=== Begin Enclosure ===

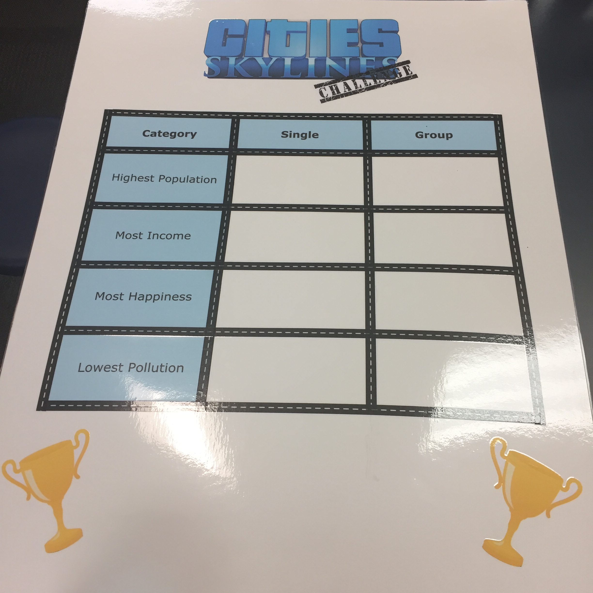 Competition. We were lucky to have Hot Wheels send us a Speedometry Kit and bunch of great video game companies like Paradox Interactive and Mohawk Games gift us some great learning AAA games. Ms. Smith and I make posters to hang on the wall that track some of the design challenges students can tackle in the Lab. Challenges like highest population, happiest population, lowest pollution, longest jump, most loops made, allow competition between classes which have many of our kids running to class to see if they still hold the record. I love gamification, so I try to use these types of game mechanics where I can to motivate students to keep them moving forward.
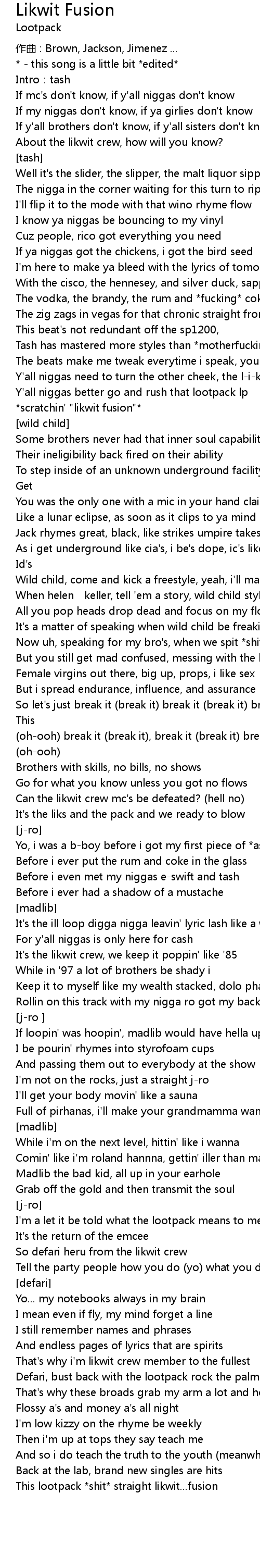 | It's the ill loop digga nigga leavin' lyric lash like a whiplash | |
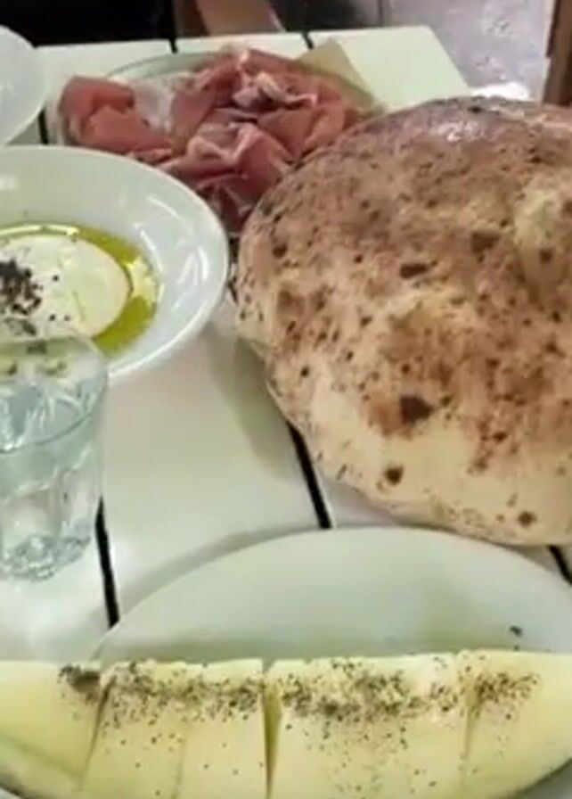 The scene is a table set with a variety of foods, including burrata with olive oil and black pepper, prosciutto, a large round loaf of bread, and a slice of melon sprinkled with what appears to be pepper. People are seated around the table, their arms and torsos visible. A partially-visible chair is in the background. The table has a white, slatted surface. The setting seems to be an outdoor dining area, judging by the daylight and glimpses of people walking by.
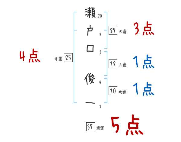 天運![]() | 瀬戸口俊一さんの天運は27画の3つ星!頭脳明晰だが強情で摩擦が多い傾向。孤立に注意。 家系が持つ宿命的な運勢を表します。祖先から受け継いだ苗字ですので自分の力が及びません。家柄を象徴します。 |
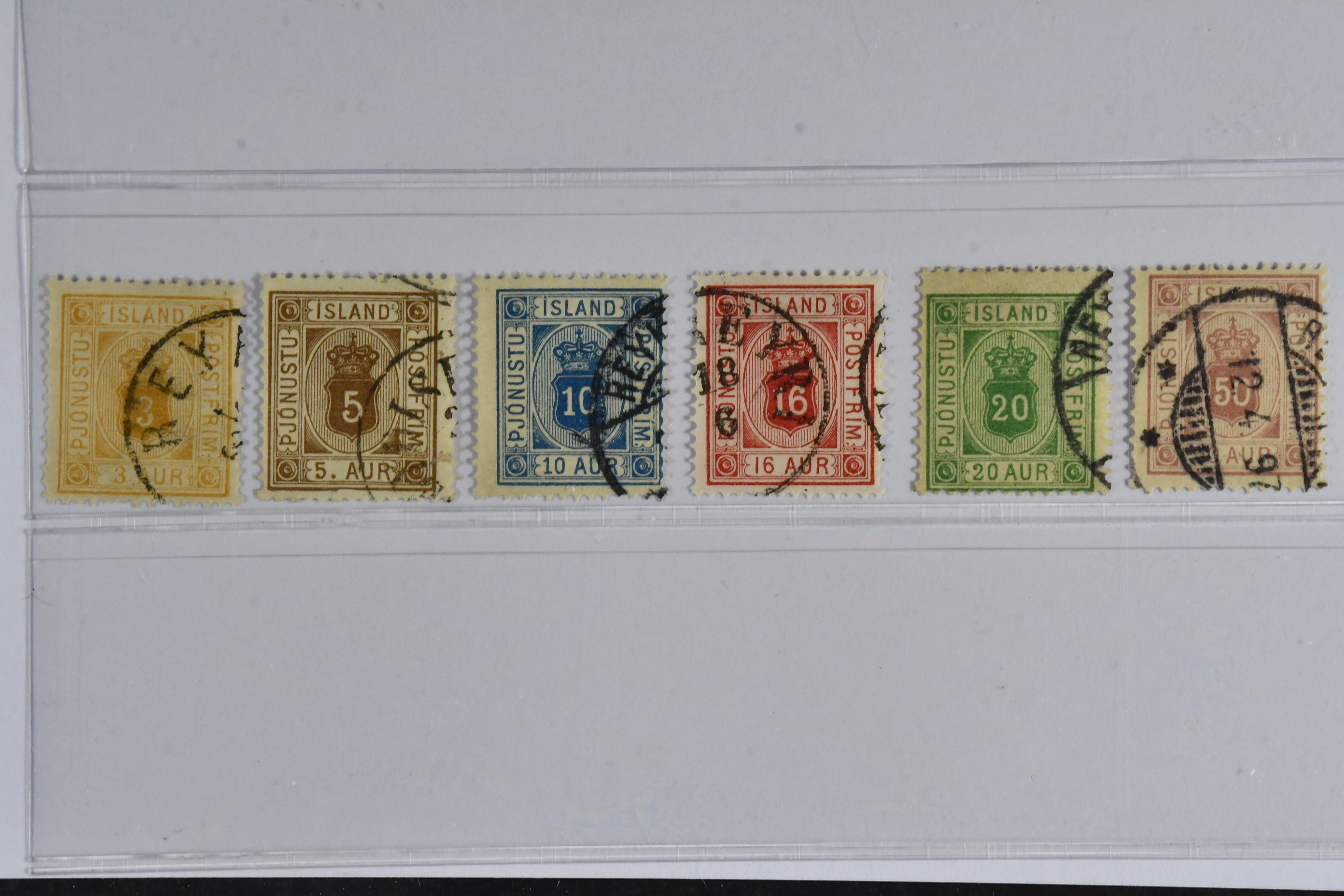 Iceland. Official Facit Tj4–9 used, 1882 Coat-of-Arms perf 14 × 13½ SET (6). SEK 2480
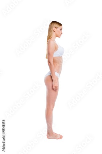 © deagreez, Fototapeta premium Vertical full length body size profile side view of nice attractive adorable lovely skinny thin sportive candid perfect healthy girl standing straight isolated over light gray background
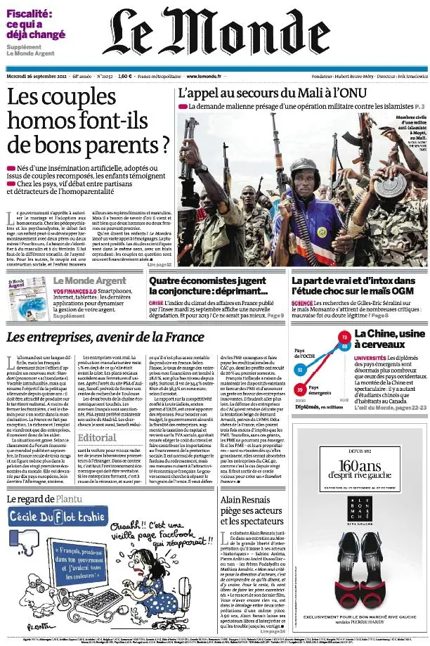 Le Monde et Supplément Argent du Mercredi 26 Septembre 2012
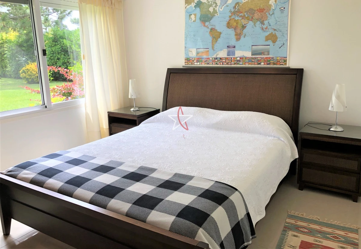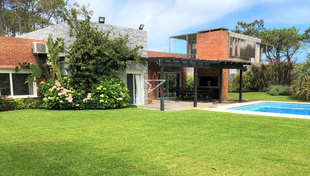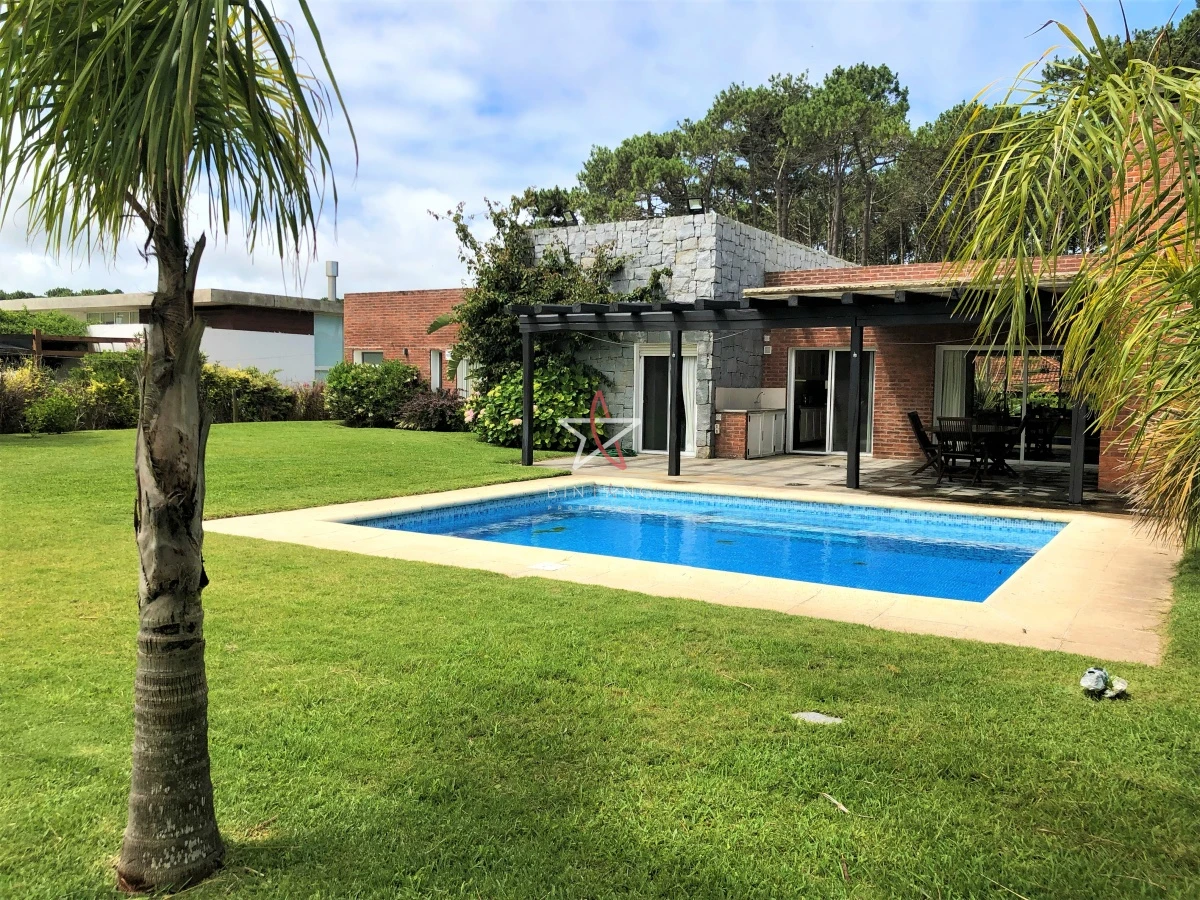 Chalet a 1 cuadra del mar, en el barrio Rincón del Indio. Terreno de 1010m2 y 270m2 construidos. Cómodo living comedor con salida al jardín. Toilette. La casa cuenta con 4 dormitorios en suite o 3 dorm y dependencia de servicio (por ubicación el 4 dormitorio es comodín). Además posee garage para 2 autos, pileta, parrilla y patio externo bajo pérgola, riego automático, 4 aire acondicionados, loza radiante en toda la casa, servicio de Puntacable, wi fi y línea telefónica fija. Excelente estado. BINTANG propiedades. ALQUILA

=== End Enclosure ===

■ Task statement ■
Beginning with the line that contains "whiplash | |" and ending with the final line of the entries, every line must be copied exactly; the pictures must not.

■ Solution for this problem ■
 | It's the ill loop digga nigga leavin' lyric lash like a whiplash | |
 The scene is a table set with a variety of foods, including burrata with olive oil and black pepper, prosciutto, a large round loaf of bread, and a slice of melon sprinkled with what appears to be pepper. People are seated around the table, their arms and torsos visible. A partially-visible chair is in the background. The table has a white, slatted surface. The setting seems to be an outdoor dining area, judging by the daylight and glimpses of people walking by.
 天運![]() | 瀬戸口俊一さんの天運は27画の3つ星!頭脳明晰だが強情で摩擦が多い傾向。孤立に注意。 家系が持つ宿命的な運勢を表します。祖先から受け継いだ苗字ですので自分の力が及びません。家柄を象徴します。 |
 Iceland. Official Facit Tj4–9 used, 1882 Coat-of-Arms perf 14 × 13½ SET (6). SEK 2480
 © deagreez, Fototapeta premium Vertical full length body size profile side view of nice attractive adorable lovely skinny thin sportive candid perfect healthy girl standing straight isolated over light gray background
 Le Monde et Supplément Argent du Mercredi 26 Septembre 2012
 Chalet a 1 cuadra del mar, en el barrio Rincón del Indio. Terreno de 1010m2 y 270m2 construidos. Cómodo living comedor con salida al jardín. Toilette. La casa cuenta con 4 dormitorios en suite o 3 dorm y dependencia de servicio (por ubicación el 4 dormitorio es comodín). Además posee garage para 2 autos, pileta, parrilla y patio externo bajo pérgola, riego automático, 4 aire acondicionados, loza radiante en toda la casa, servicio de Puntacable, wi fi y línea telefónica fija. Excelente estado. BINTANG propiedades. ALQUILA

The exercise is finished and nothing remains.